Pero imperfecta. Con la realimentación continua entre una célula E y las paredes del pozo, no flotaría mucho tiempo.

Arriba, la célula E subió y se alejó, aureolada por la fosforescencia azul. Hari se elevó un poco, se detuvo, comenzó a caer de nuevo. El pozo trataba de compensar la presencia de la célula E y de Hari, una carga intrusa. El programa de control de realimentación no podía resolver un problema tan complicado. Pronto el limitado sistema de control decidiría que la célula E era su ocupación y él era un fastidio. Detendría la célula E, la aseguraría en un nivel y se desharía de él. Hari perdió velocidad, se detuvo, cayó de nuevo. Riachuelos eléctricos recorrían su piel, vibraban electrones en su cabello. El aire parecía un envoltorio elástico y chispeante. Su piel temblaba en fieros espasmos, especialmente sobre su cabeza y en la parte inferior de sus piernas, donde se acumulaba más carga. Perdió velocidad de nuevo. En el fulgor fosforescente vio que se acercaba a otro piso. Sintió la esponjosa presión de las fluctuantes paredes.

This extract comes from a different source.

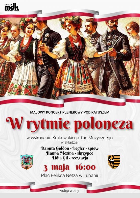 Zapraszamy na majowy koncert plenerowy "W rytmie poloneza" w wykonaniu Krakowskiego Trio Muzycznego w składzie: Danuta Gołdon-Legler (śpiew), Hanna Mezina (skrzypce), Lidia Gil (recytacja).

Quizá pudiera valerse de ello. Se extendió hacia el costado, alzando las piernas para arrojarse contra la gomosa tensión de los campos electrostáticos.

Rozó torpemente esa resistencia algodonosa. Estaba acelerando, cayendo como una pluma. Se estiró para aferrar una cavidad emisora y un borbotón azulado le sacudió la mano. Tembló y jadeó de dolor. Se le entumeció el brazo. Aspiró aire para aclararse la visión, súbitamente acuosa. La pared pasaba a mayor velocidad. Se aproximaba a un nivel, colgando a sólo un metro de la pared del pozo. Pataleó como un mal nadador contra los blandos campos electrostáticos.

Las puertas pasaron. Pateó el interruptor de emergencia, erró, pateó de nuevo, acertó. Las puertas comenzaron a abrirse. Se retorció y cogió el umbral con la mano izquierda.

Otra sacudida en la mano. Cerró los dedos. Se meció con el brazo rígido y chocó contra la pared. Otra descarga eléctrica lo estremeció. Más pequeña, pero le hizo tensar la pierna derecha. Logró apoyar la mano derecha en el umbral.

Había recobrado todo su peso y colgaba contra la pared. Su pie izquierdo encontró una cavidad emisora, se afianzó. Hari se encaramó penosamente. Sus músculos protestaban de dolor.

Procuró concentrarse. Tenía los ojos por encima del umbral. Gritos distantes. Zapatos azules imperiales corriendo hacia él.

«Aguanta, aguanta.» Una mujer con el uniforme de los Guardias Thurbanos se arrodilló junto a él, frunciendo el entrecejo.

—¿Qué hace usted en…?

—Llame… a los Especiales… —graznó Hari. Dígales que me he… caído.